◆ Record excerpts ◆
━━━━━━━━━━
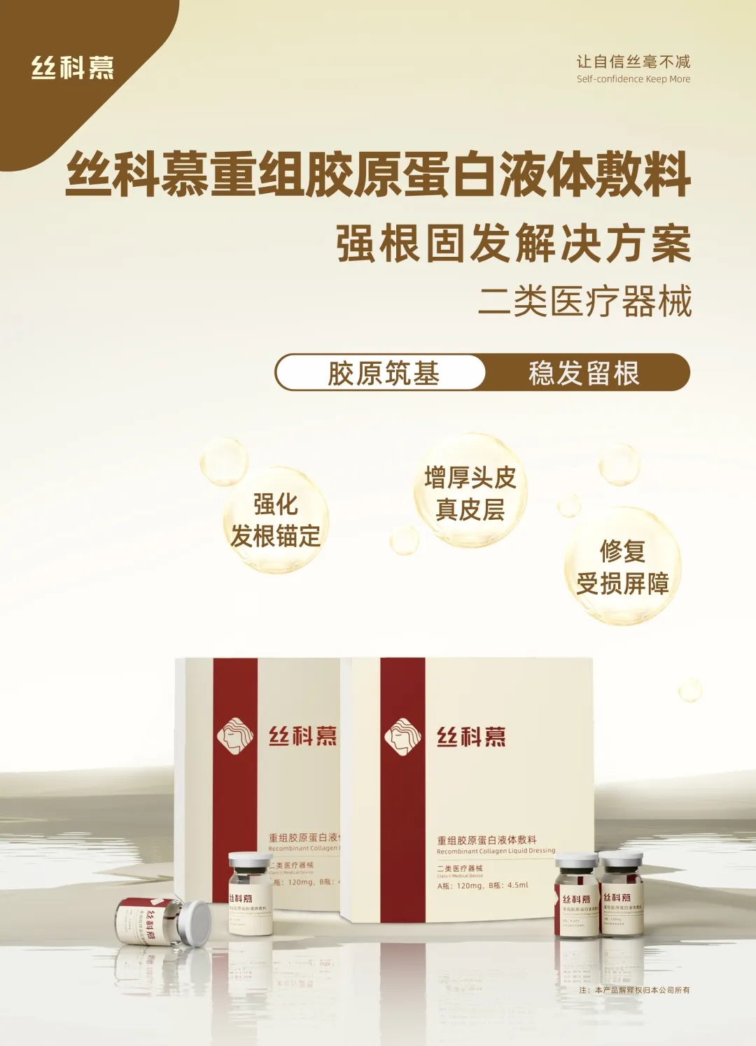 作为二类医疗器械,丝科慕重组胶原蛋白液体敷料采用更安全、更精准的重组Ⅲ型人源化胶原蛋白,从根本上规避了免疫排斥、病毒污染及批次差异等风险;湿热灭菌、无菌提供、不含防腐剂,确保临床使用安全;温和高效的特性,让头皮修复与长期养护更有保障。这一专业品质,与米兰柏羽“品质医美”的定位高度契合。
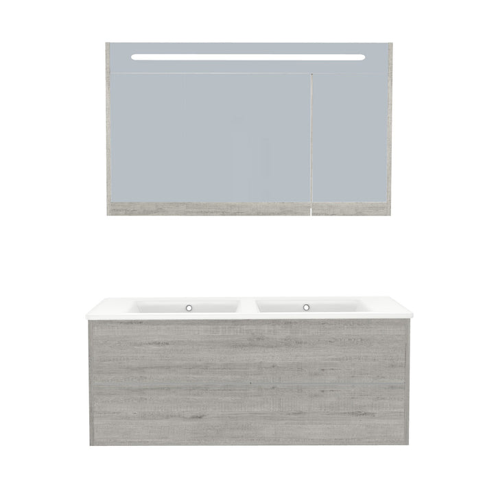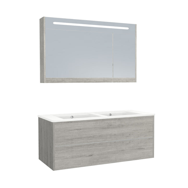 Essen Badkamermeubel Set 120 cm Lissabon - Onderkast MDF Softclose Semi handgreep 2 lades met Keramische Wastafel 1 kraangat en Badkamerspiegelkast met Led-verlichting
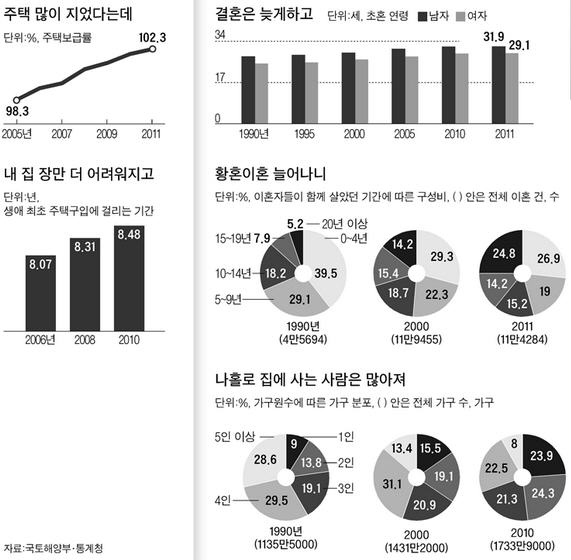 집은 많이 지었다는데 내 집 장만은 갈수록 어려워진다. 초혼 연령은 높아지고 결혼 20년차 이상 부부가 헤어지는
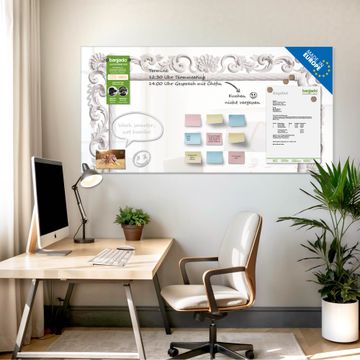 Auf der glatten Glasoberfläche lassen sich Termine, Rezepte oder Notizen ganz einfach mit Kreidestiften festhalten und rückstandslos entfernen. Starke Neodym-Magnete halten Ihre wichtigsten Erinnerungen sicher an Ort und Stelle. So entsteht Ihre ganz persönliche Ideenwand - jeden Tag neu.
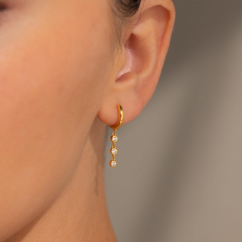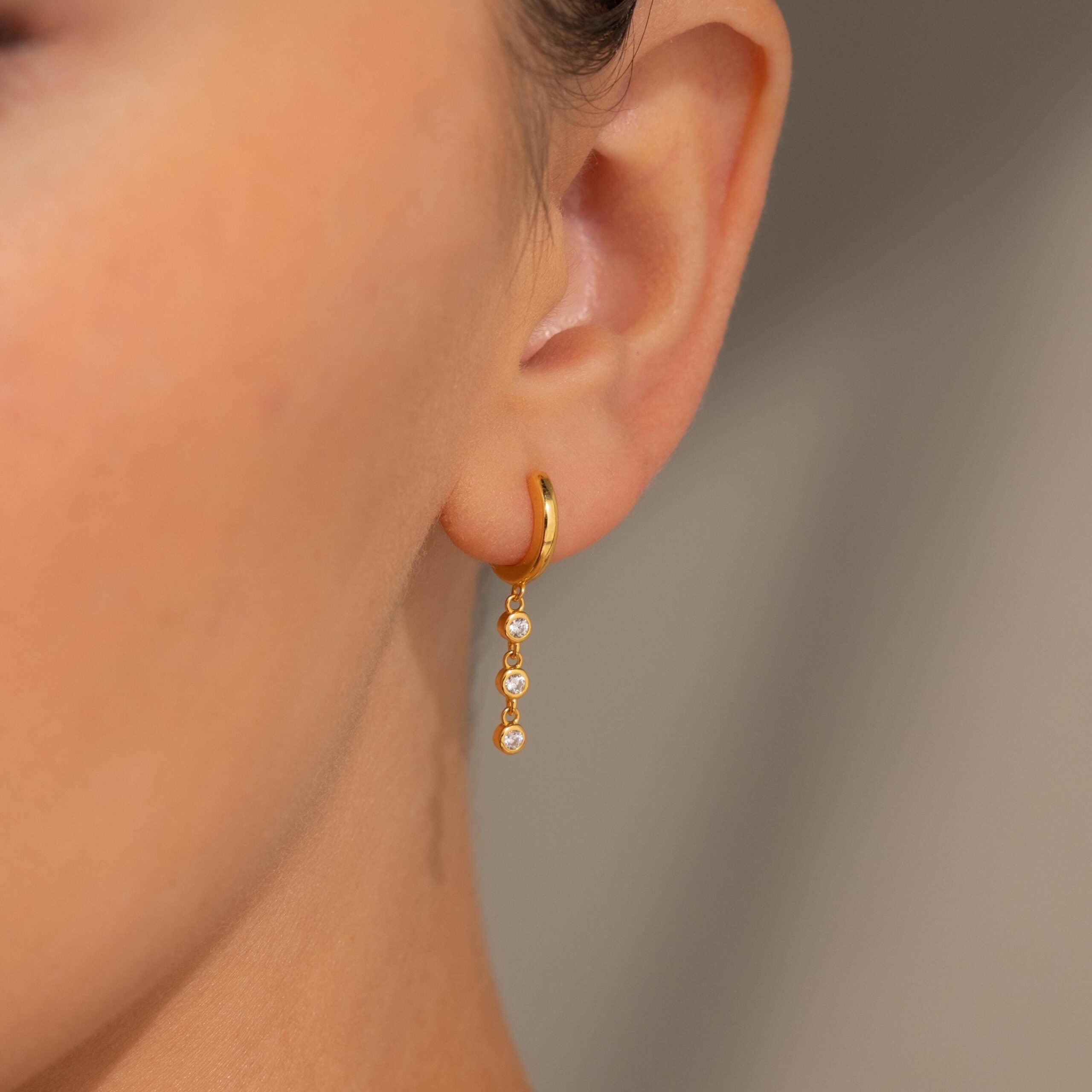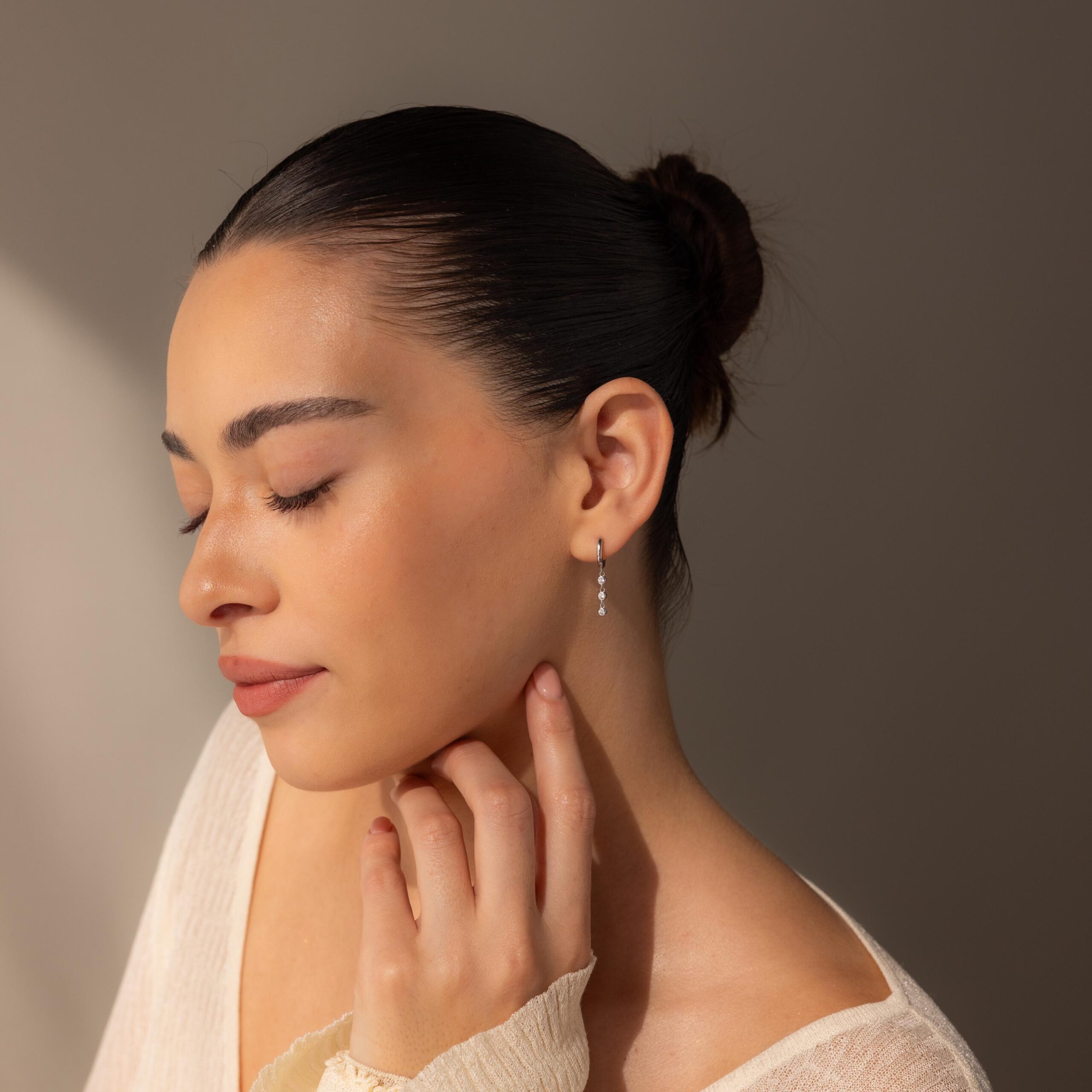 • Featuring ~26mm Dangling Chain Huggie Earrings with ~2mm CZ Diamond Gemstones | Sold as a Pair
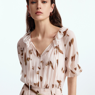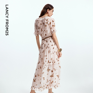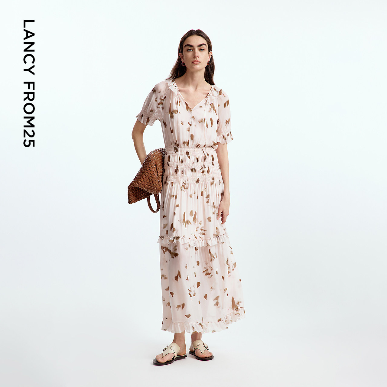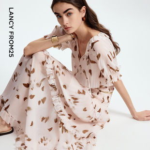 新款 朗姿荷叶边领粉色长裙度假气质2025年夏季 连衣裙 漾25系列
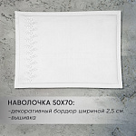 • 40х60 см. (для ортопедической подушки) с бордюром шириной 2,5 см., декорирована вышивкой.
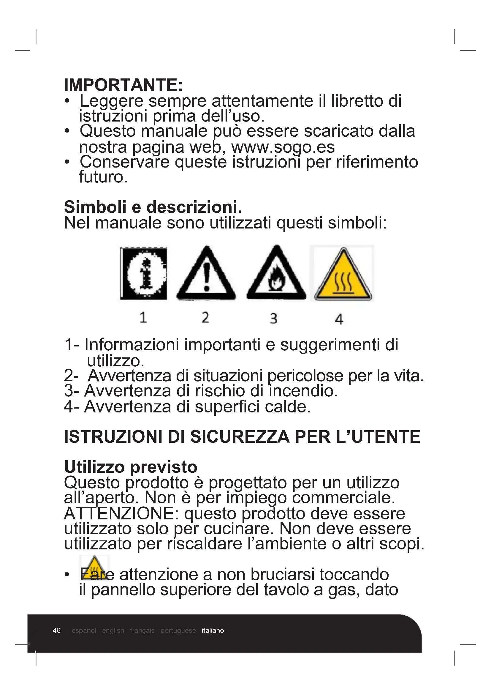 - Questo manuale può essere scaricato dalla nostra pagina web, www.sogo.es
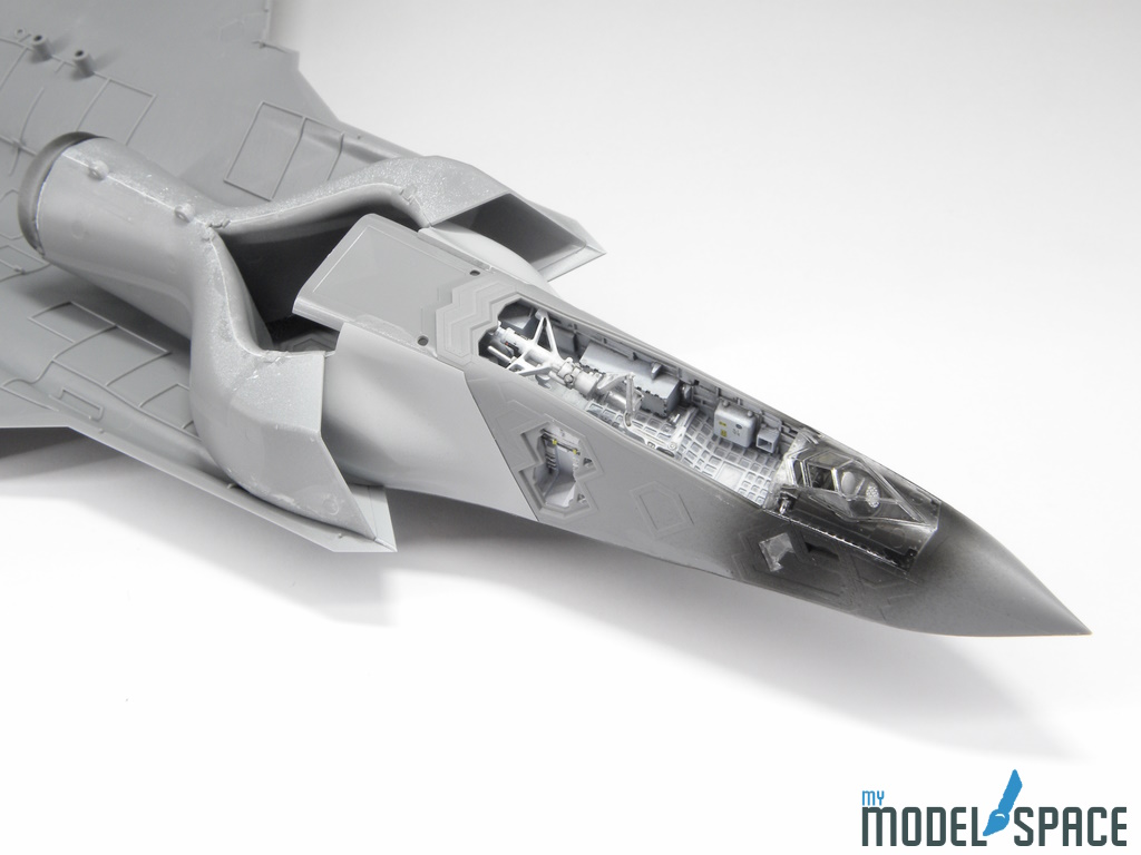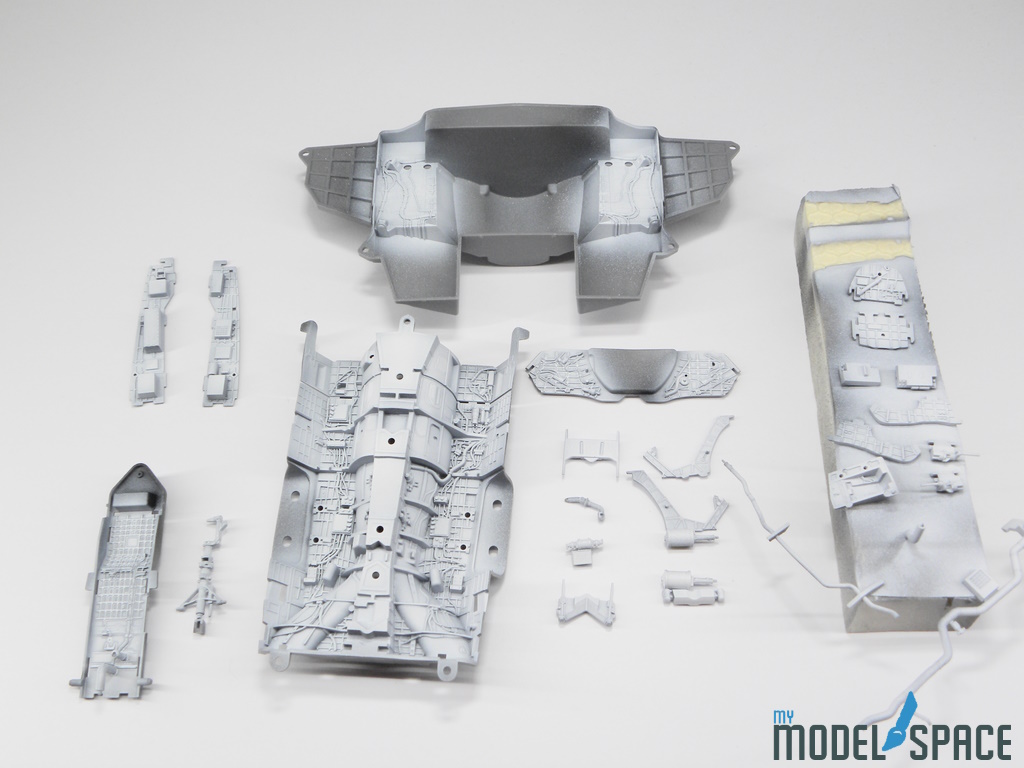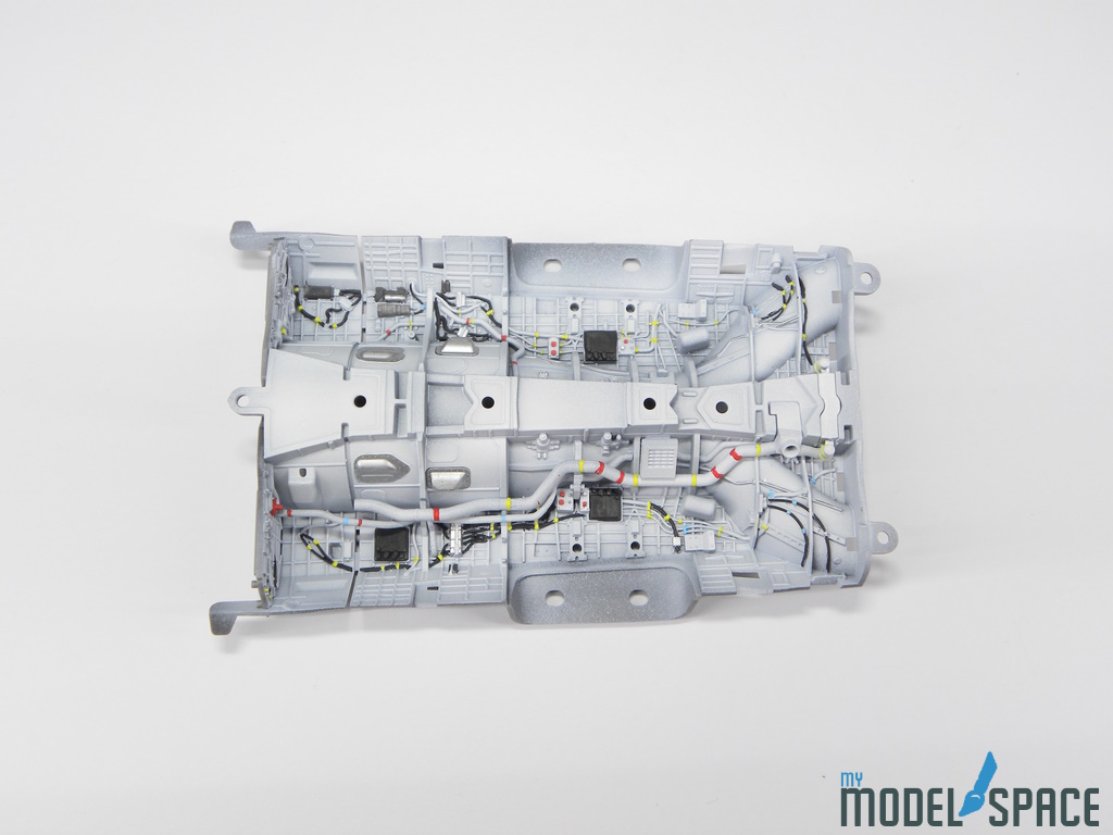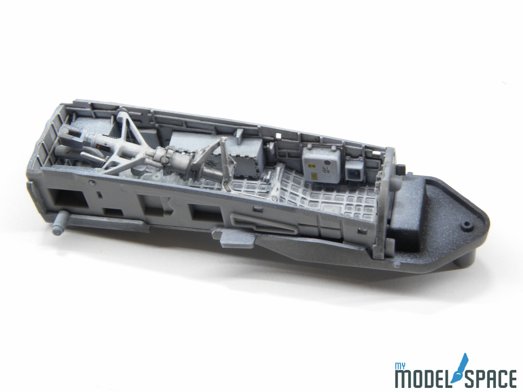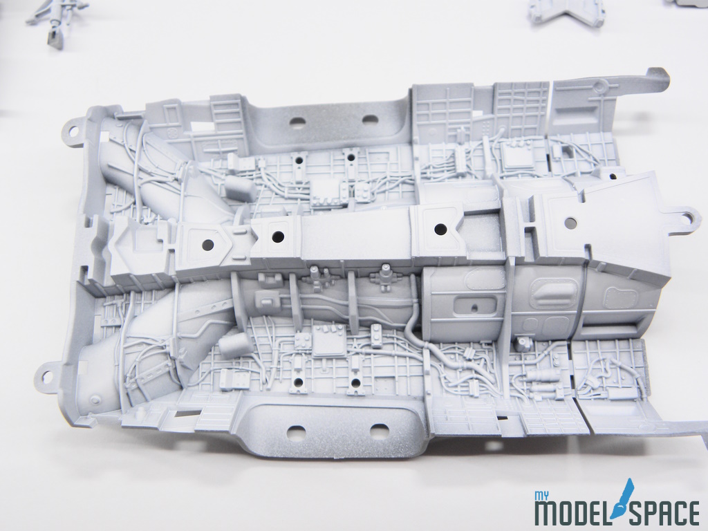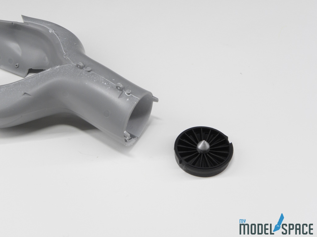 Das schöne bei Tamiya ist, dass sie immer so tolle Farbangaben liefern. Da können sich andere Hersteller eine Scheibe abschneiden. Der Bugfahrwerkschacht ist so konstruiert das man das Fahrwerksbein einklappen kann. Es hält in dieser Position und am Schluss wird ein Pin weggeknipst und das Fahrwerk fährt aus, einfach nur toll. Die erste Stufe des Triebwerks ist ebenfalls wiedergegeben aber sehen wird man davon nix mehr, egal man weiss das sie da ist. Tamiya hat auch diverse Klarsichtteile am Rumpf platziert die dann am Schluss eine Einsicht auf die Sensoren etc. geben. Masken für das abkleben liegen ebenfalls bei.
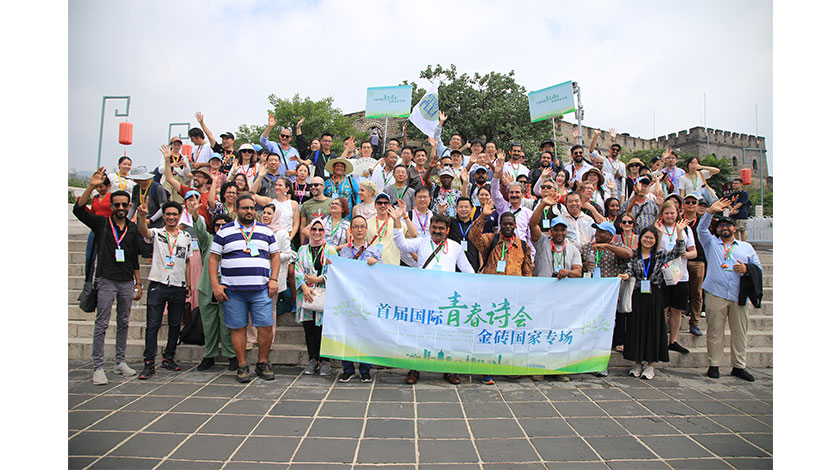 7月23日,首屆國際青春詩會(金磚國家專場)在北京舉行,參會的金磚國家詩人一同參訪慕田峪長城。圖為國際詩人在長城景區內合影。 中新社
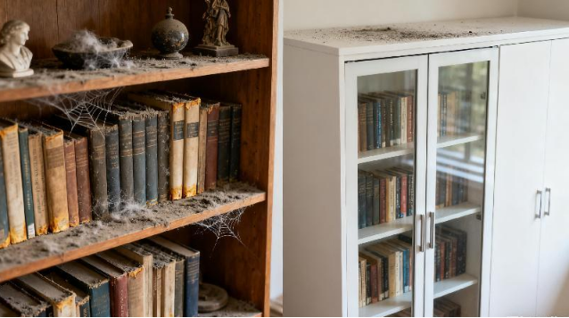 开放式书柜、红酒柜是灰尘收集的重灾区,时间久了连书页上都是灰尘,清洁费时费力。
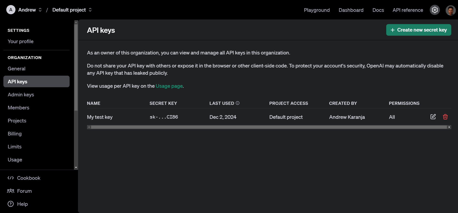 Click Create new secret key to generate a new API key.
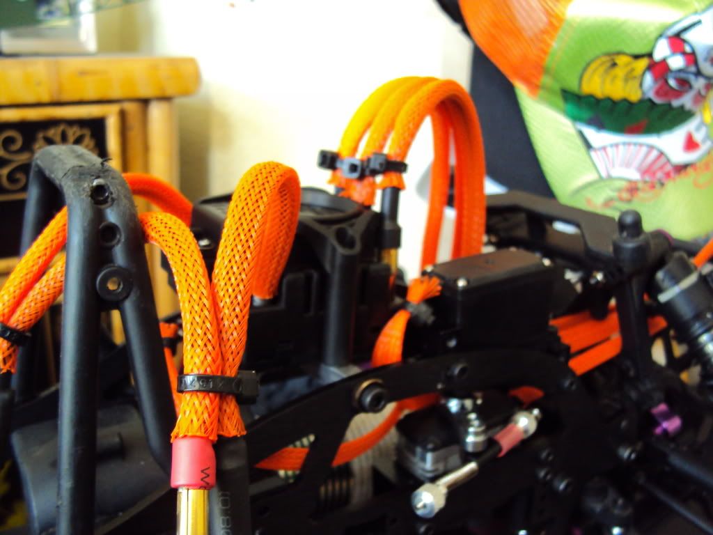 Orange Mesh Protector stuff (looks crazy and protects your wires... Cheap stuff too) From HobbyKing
━━━━━━━━━━
◆ Exercise objective ◆
Make an exact copy of the lines above, beginning with the line with "см., декорирована вышивкой." and ending with the line with "- Questo manuale", and keep the pictures out of it.

◆ Task result ◆
 • 40х60 см. (для ортопедической подушки) с бордюром шириной 2,5 см., декорирована вышивкой.
 - Questo manuale può essere scaricato dalla nostra pagina web, www.sogo.es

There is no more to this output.